Downsizing has fallen out of favour with older homeowners, with more and more purchasing their dream retirement property and then renting it out until they are ready to move in.

According to research released today by Prudential, 20 per cent of over-55s would consider making a buy to let investment with the intention of living in it themselves one day, while a third (32 per cent) of those who already have a buy to let property are thinking about moving into it some time in the future.

However, when asked how they intended to fund their purchase, around half (52 per cent) said they would take a lump sum from their pension.

"The advent of older people opting to buy-to-let-to-retire is an interesting development, and in a post-pension freedoms world its appeal is understandable," said Stan Russell, a retirement expert at Prudential. "However, there are a number of risks involved for anyone looking to take money from their pension savings, irrespective of the reasons."

Since the pension freedoms came into force last April, those aged 55 or over are able to withdraw money from their pensions pot without first purchasing an annuity.

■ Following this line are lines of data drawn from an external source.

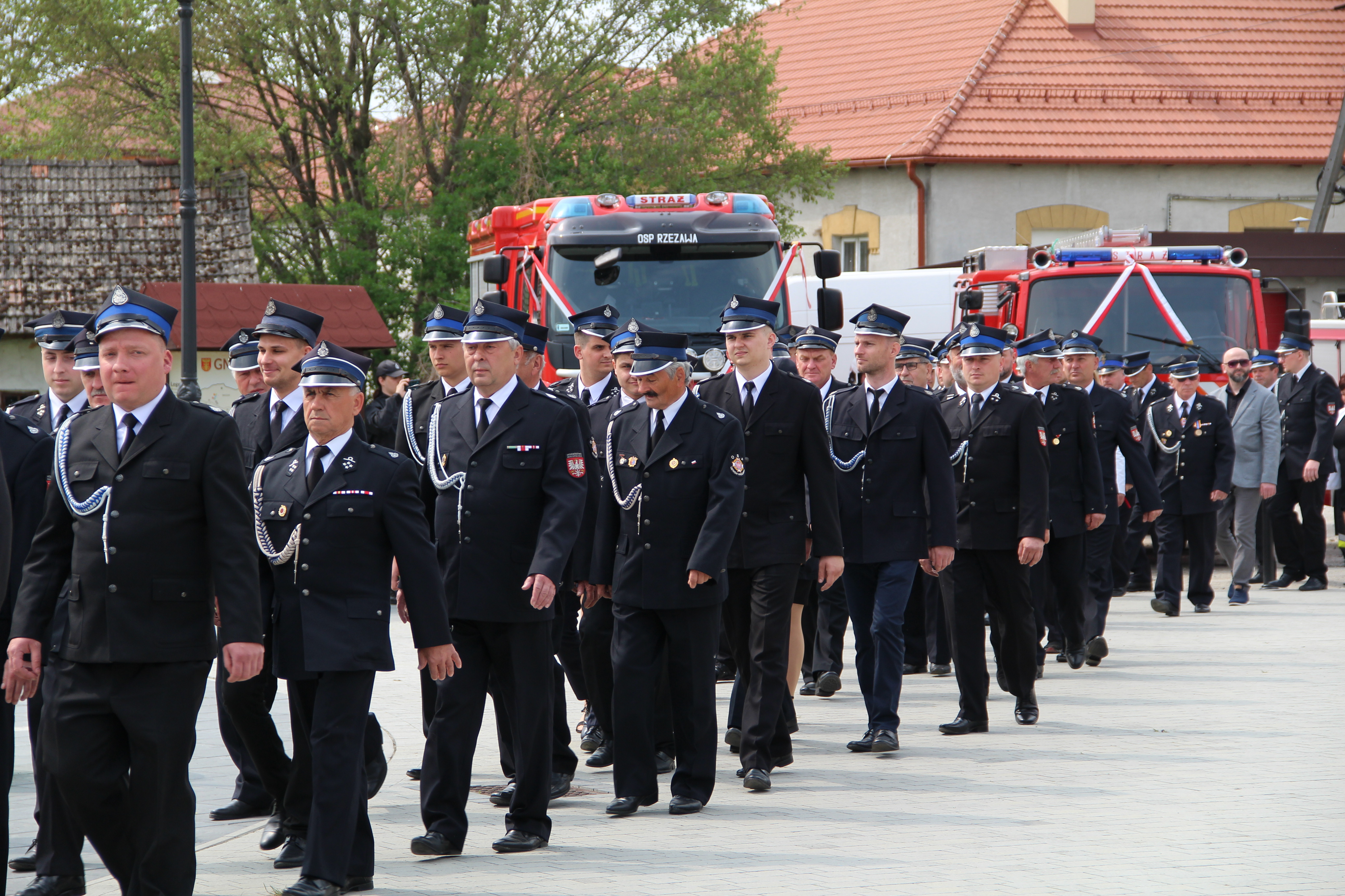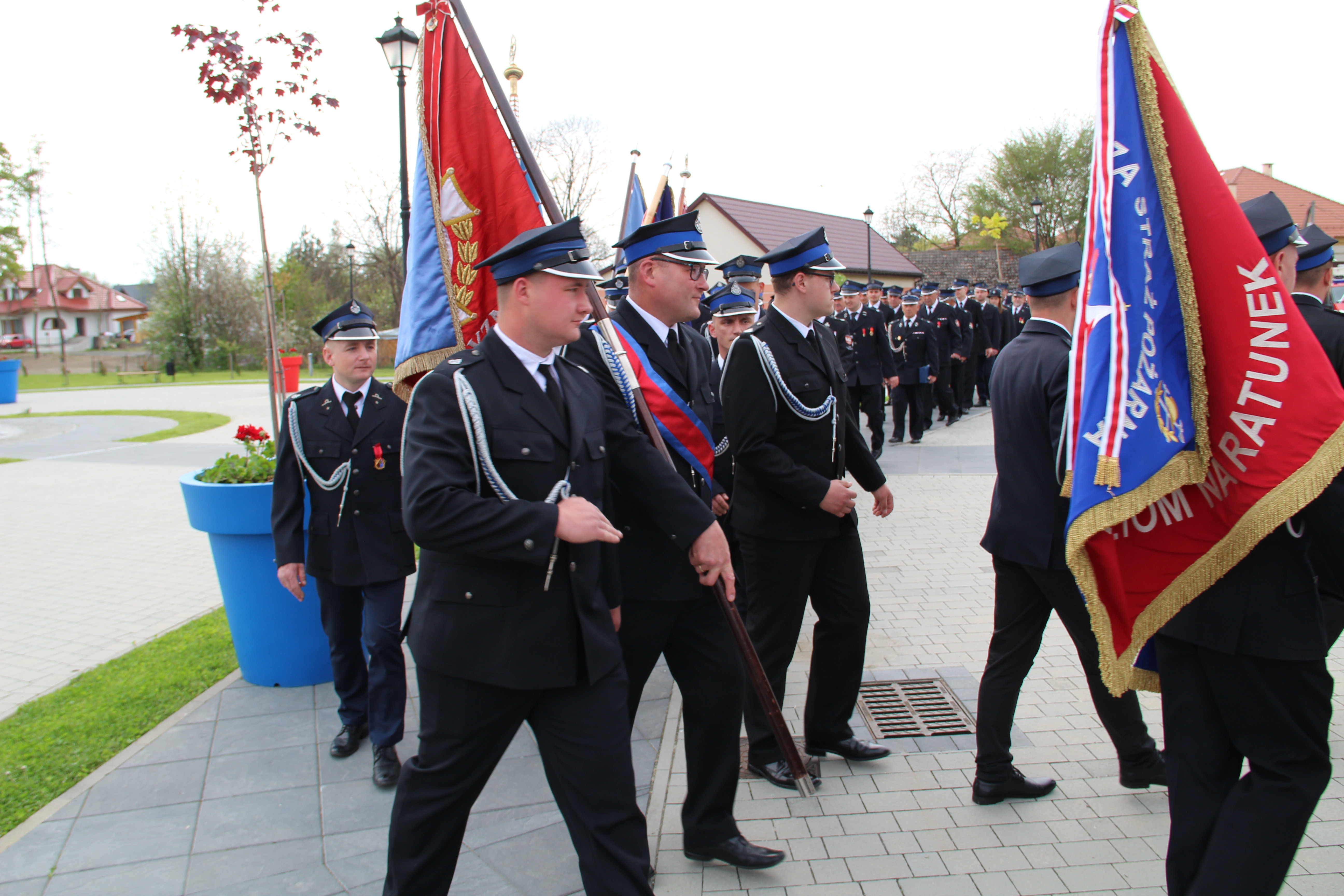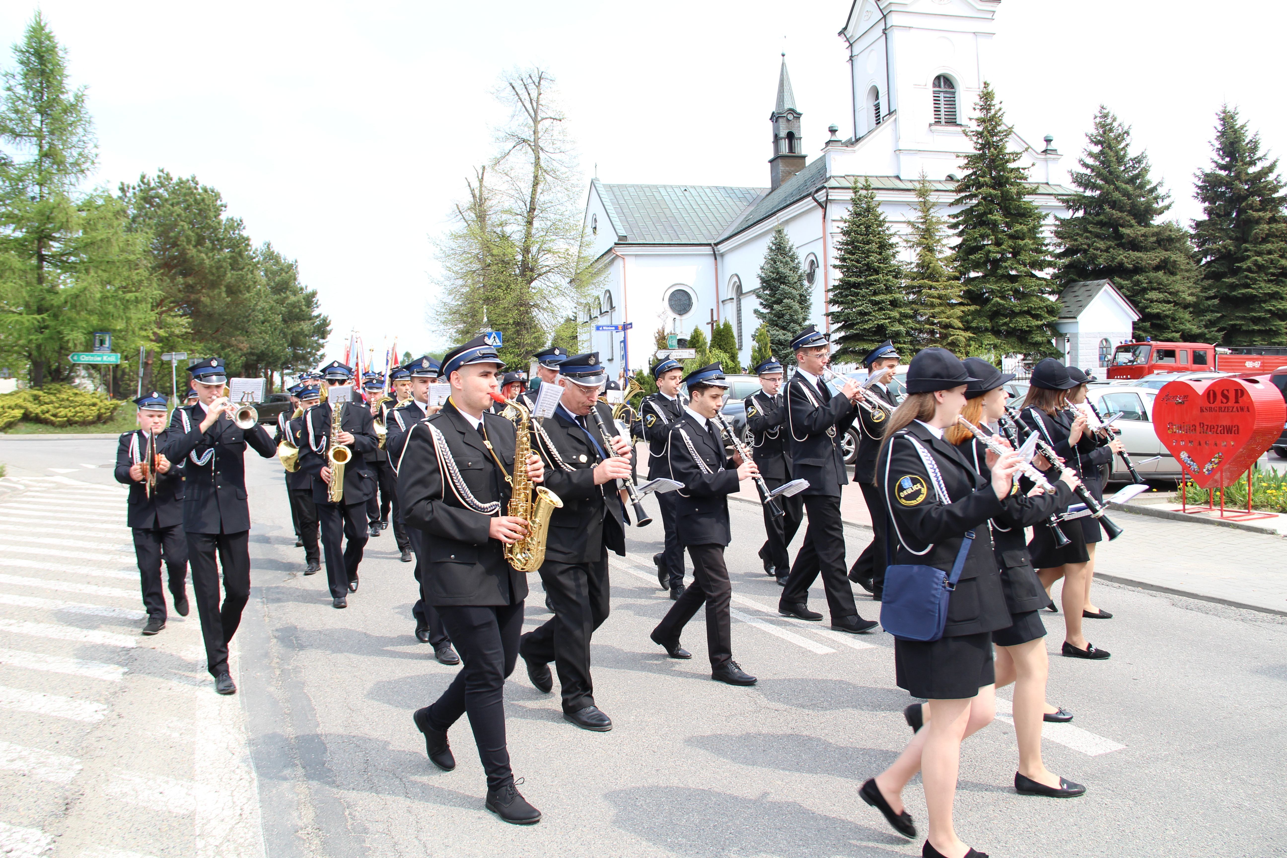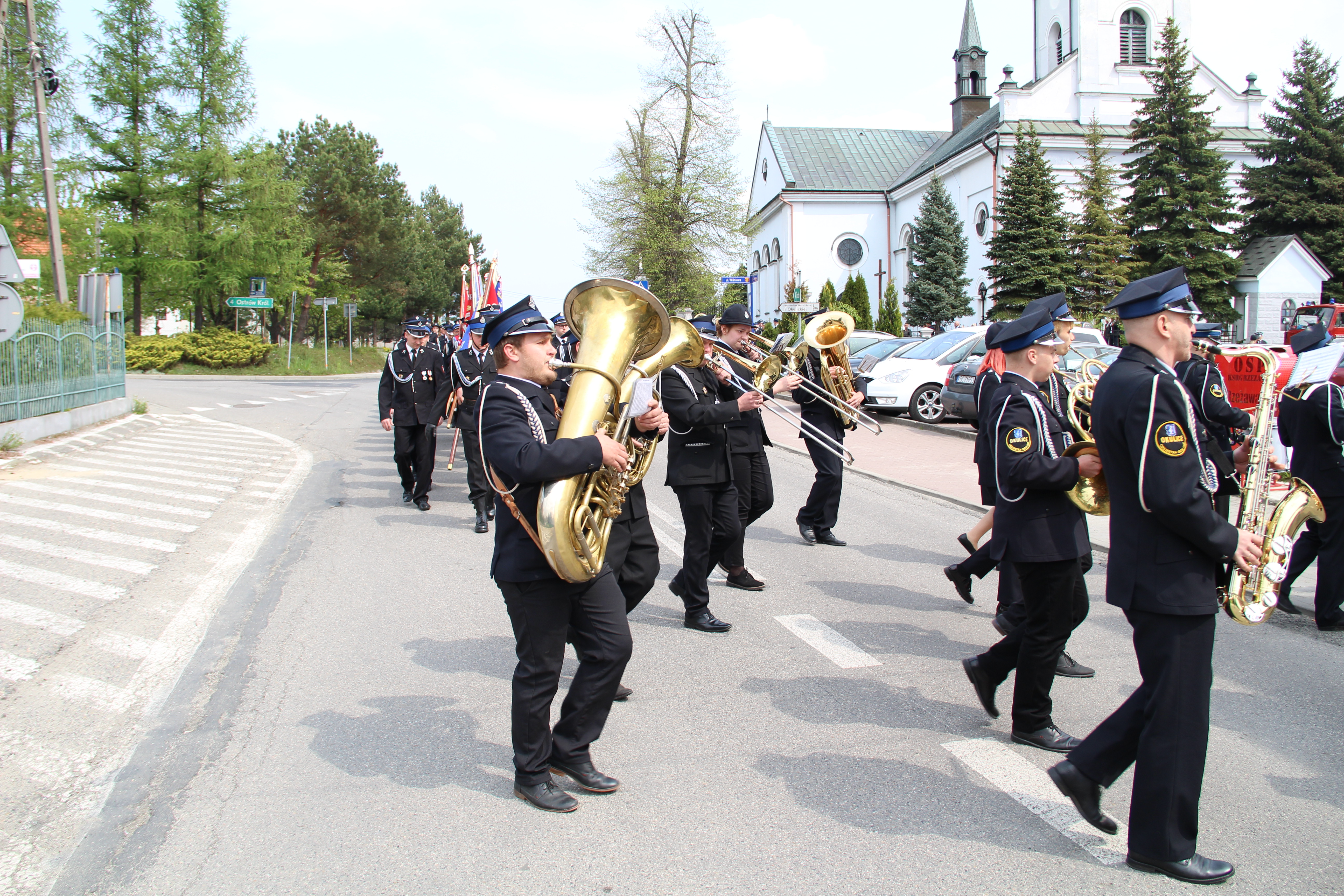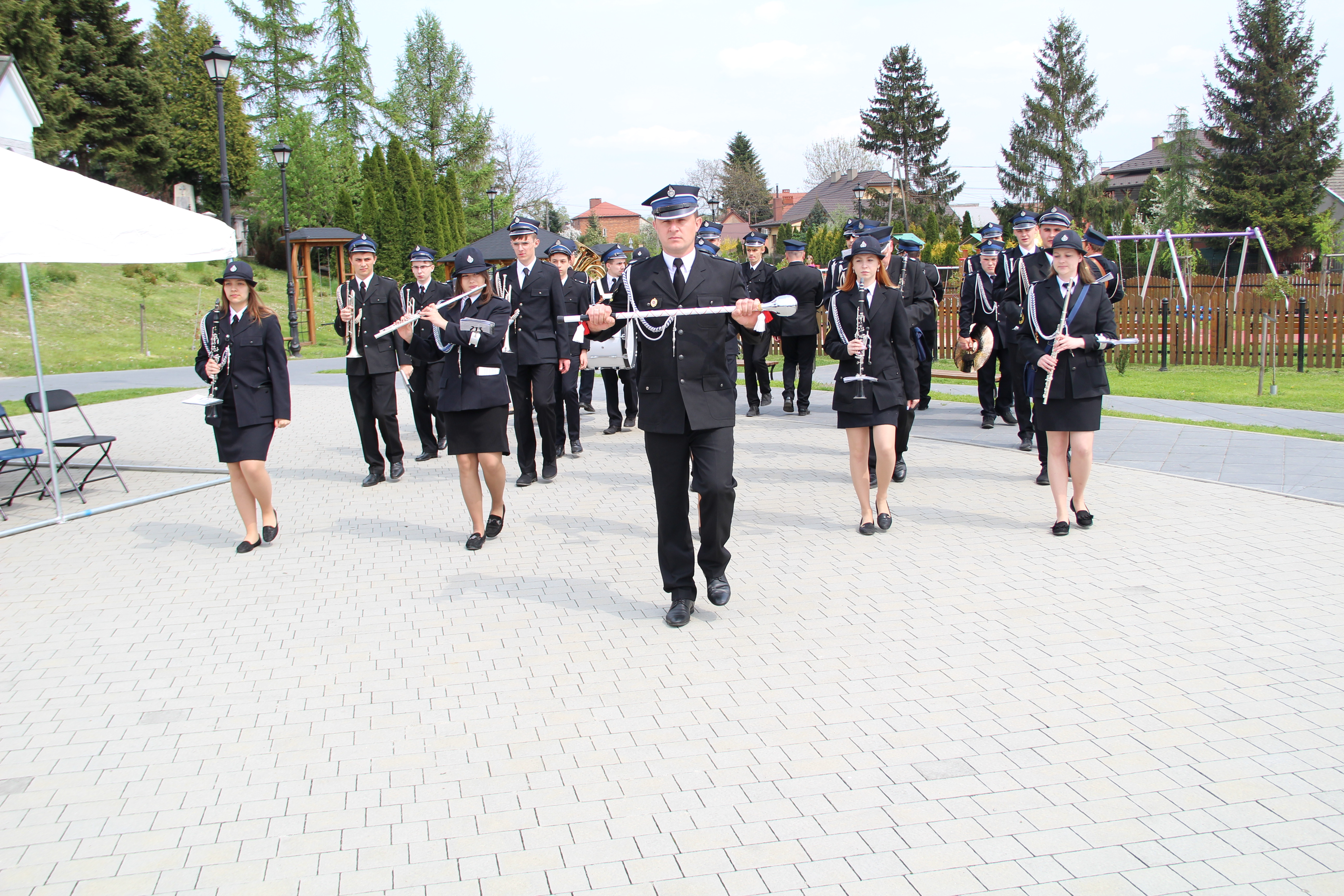 Po Mszy Świętej jednostki OSP wraz z pocztami sztandarowymi i pozostali uczestnicy uroczystości w szyku strażackim przy akompaniamencie orkiestry dętej przemaszerowali na „Ryneczek”.
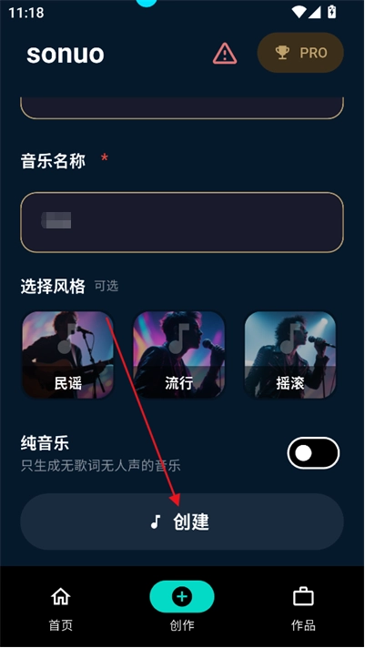 - 创作:只需输入歌词与作品名称,再选定心仪的风格,就能生成对应的音乐作品。
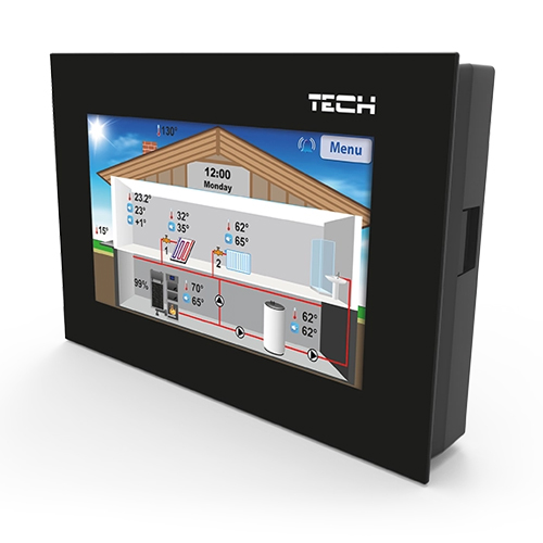 Контролер TECH EU-281 - це кімнатний регулятор з RS зв'язком, призначений для дублюючого керування температури приміщення, котла, бойлера, змішуючих клапанів, безпосередньо з того місця де встановлений регулятор, без необхідності йти в котельню. Він оснащений кольоровим LCD дисплеєм з багатим та простим меню. З'єднується з основним контроллером через RS зв'язок (провідником).
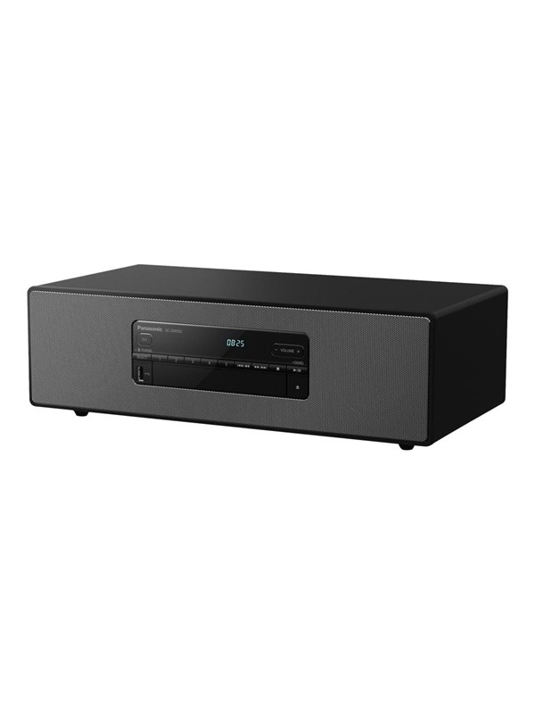 Panasonic SC-DM202EG-K kompakt mikro-Hi-Fi-stereosystem med CD, DAB+/FM-radio, USB och Bluetooth, 24 W högtalare, fjärrkontroll, 2,4 tum TFT LCD-skärm, EQ-inställningar, svart.
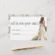 Na moda elegante design com noiva de aquarela em seu vestido de noiva, tipografia moderna e flores em maríblia de trás.O texto pode ser facilmente personalizado para um único design único para seu dia especial.
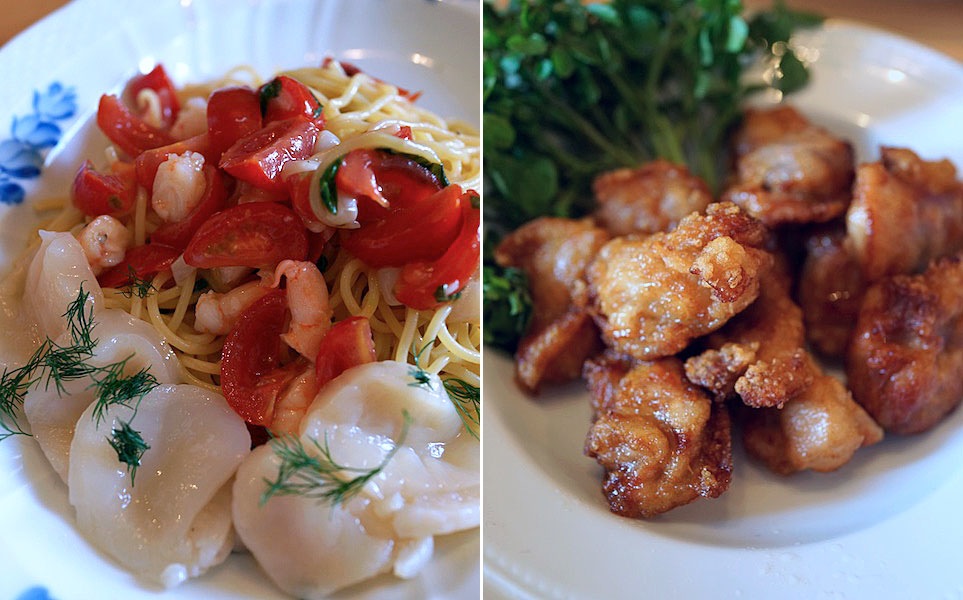 大きなお皿に盛り込んで、サイドにサラダを添えて食べるとサラダもパスタの具材のようになってくるのがオモシロく、熱々ジュワジュワの唐揚げも一層おいしく感じます。

Russell continued: "The simplest approach for most people looking to give themselves choices and secure their ideal home when they retire is to save as much as possible into a pension as early as possible in their working life."

From 1 April this year, an additional three per cent will be charged on stamp duty land tax (SDLT) for those purchasing a buy to let property. The new charge was announced in last November's Autumn Statement.

Government launched a consultation into the new higher rate of SDLT in December last year and is currently analysing the feedback it received.